Francesco Laforgia (born 1 February 1978) is an Italian academic and politician.

Biography
Laforgia graduated in Economics and Social Sciences at the Bocconi University in 2002, specializing in innovation economics. He spent several periods of study and work abroad, where he perfected his knowledge of English and Spanish. After graduating he continued to work in University following several research projects, published by  international journals. He received his PhD in Economics of Production and Development at the University of Insubria in Varese and taught Economics in several universities in Milan, Varese, Brescia and Castellanza.

Political career
In 2010 he became the city coordinator of the Democratic Party in Milan and ceased his office when he has been elected deputy in 2013.

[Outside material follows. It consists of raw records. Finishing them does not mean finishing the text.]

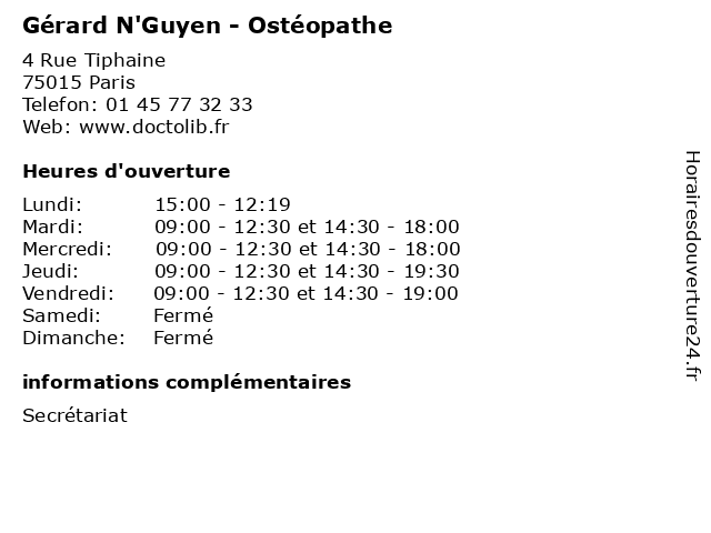 | Jeudi | 09:00-12:30 et 14:30-19:30 |
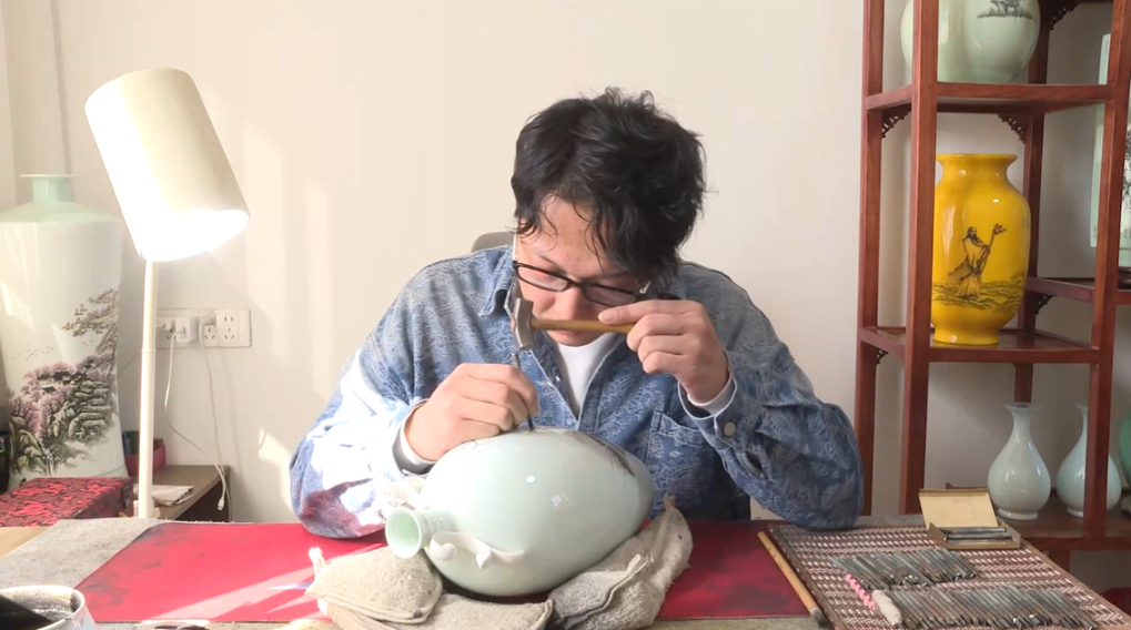 刻瓷は、硬くて壊れやすい磁器の表面に彫刻刀を用いて精緻な細工を施す高度な技法で、山東省の省級無形文化遺産に登録されている。制作者には確かな絵画力とともに、熟練した彫刻刀さばきが求められる。
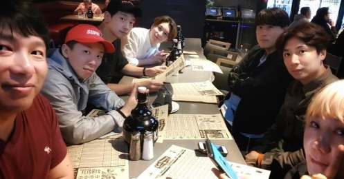 Taking a load off at the Karl Strauss Brewing Co. in downtown L.A. Thanks, Crew man YongDuk!^^ (Image credit: dduks1225 @ IG)
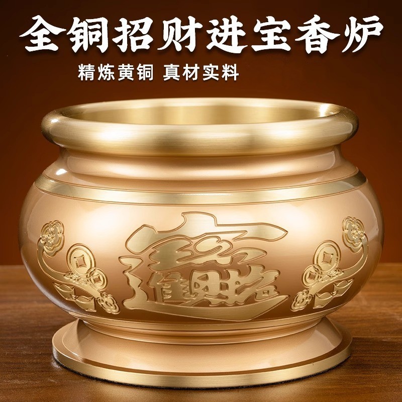 純銅の香炉の家庭用は香を焼く香炉の大サイズの財神の香炉の碗を供えます。
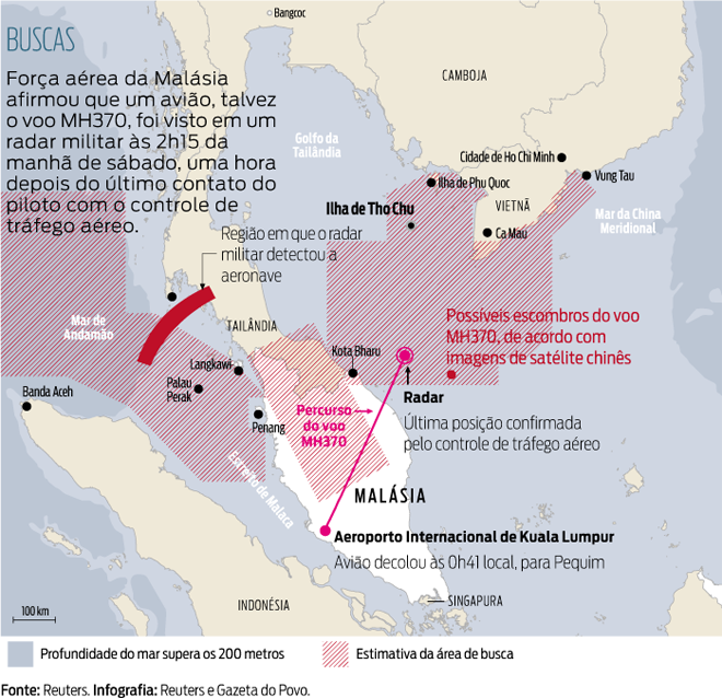 O voo MH370 era operado por um Boeing 777-200 que tinha combustível para 7,5 horas de voo e transportava 239 pessoas de Kuala Lumpur (Malásia) para Pequim, na China.
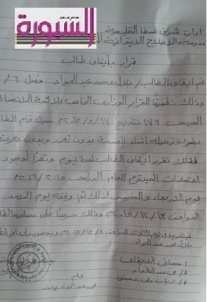 بالمستندات| إصابة طالب بنزيف في العين.. وولى الأمر يتهم الناظر.. ومدير المدرسة: "هعين على كل تلميذ حارس"
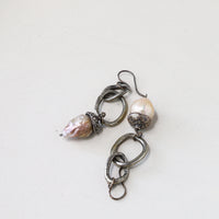 - Sterling silver hand-formed organic hoops with hand-cast acorn charm featuring irregular baroque pearl hangs 2"L.
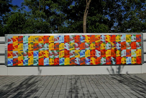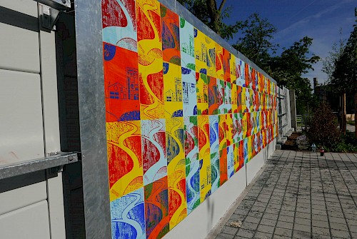 A partir de bases graphiques permettant de se relier les unes aux autres, nous avons sérigraphié les affiches avec le public avant de les coller sous forme de mosaique.
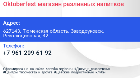 Oktoberfest, магазин разливных напитков по адресу 627143, Тюменская область, Заводоуковск, Революционная, 42 в дальнейшем Организация, размещена в следующих категориях:
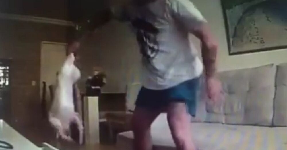 Bez razloga je udarao psa. Kao što možete videti u videu, ovaj monstrum ga iznenada uzima za vrat i davi, te baca na pod, iako pas prethodno mirno sedi ispod stolice.
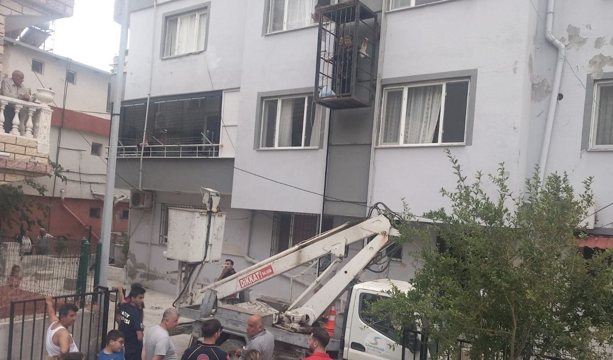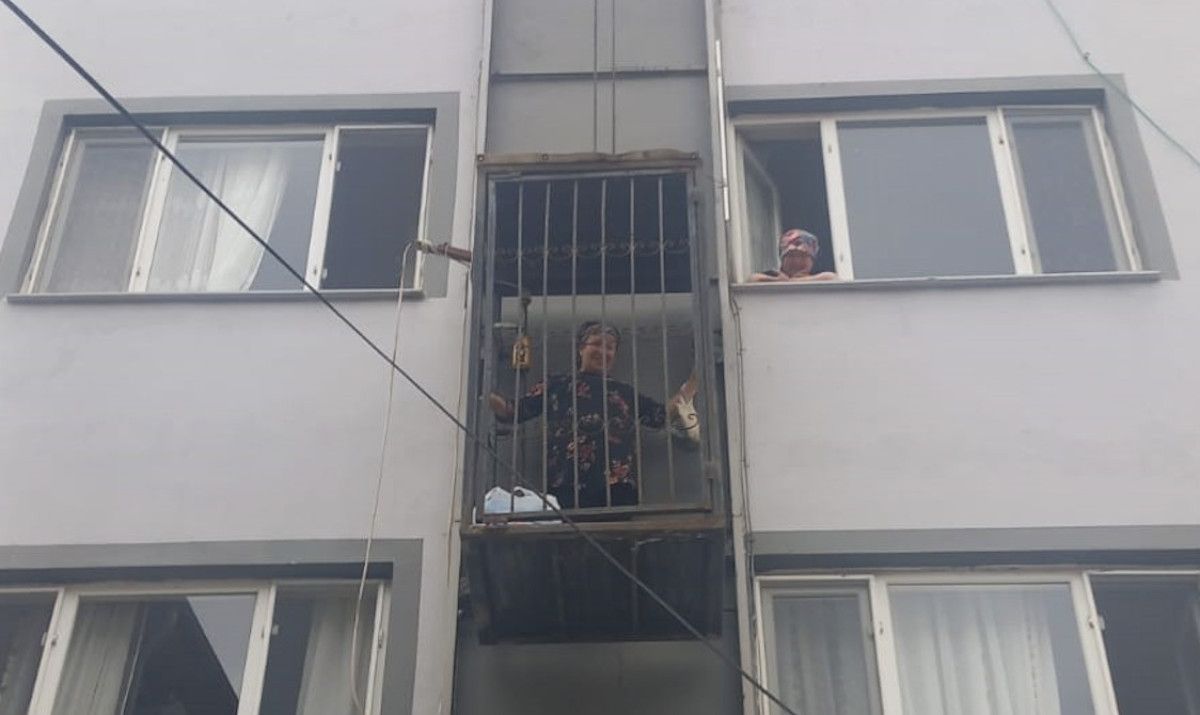 Dördüncü kattaki konutundan aşağı inmek için asansörü kullanan bayan, kurtarılmak için itfaiye takımlarının gelmesini bekledi.

In May 2017 he presented an amendment to the financial institution to reduce the annual funds allocated to the Italian Institute of Technology of Genoa by 95%.

In 2017, he left the Democratic Party and took part to the new-born Article One –  and Progressive Movement, one of the three parties unified in Free and Equal. In 2018 he was elected senator, becoming at the age of 40 the youngest member of the Italian Senate of the 18th legislature.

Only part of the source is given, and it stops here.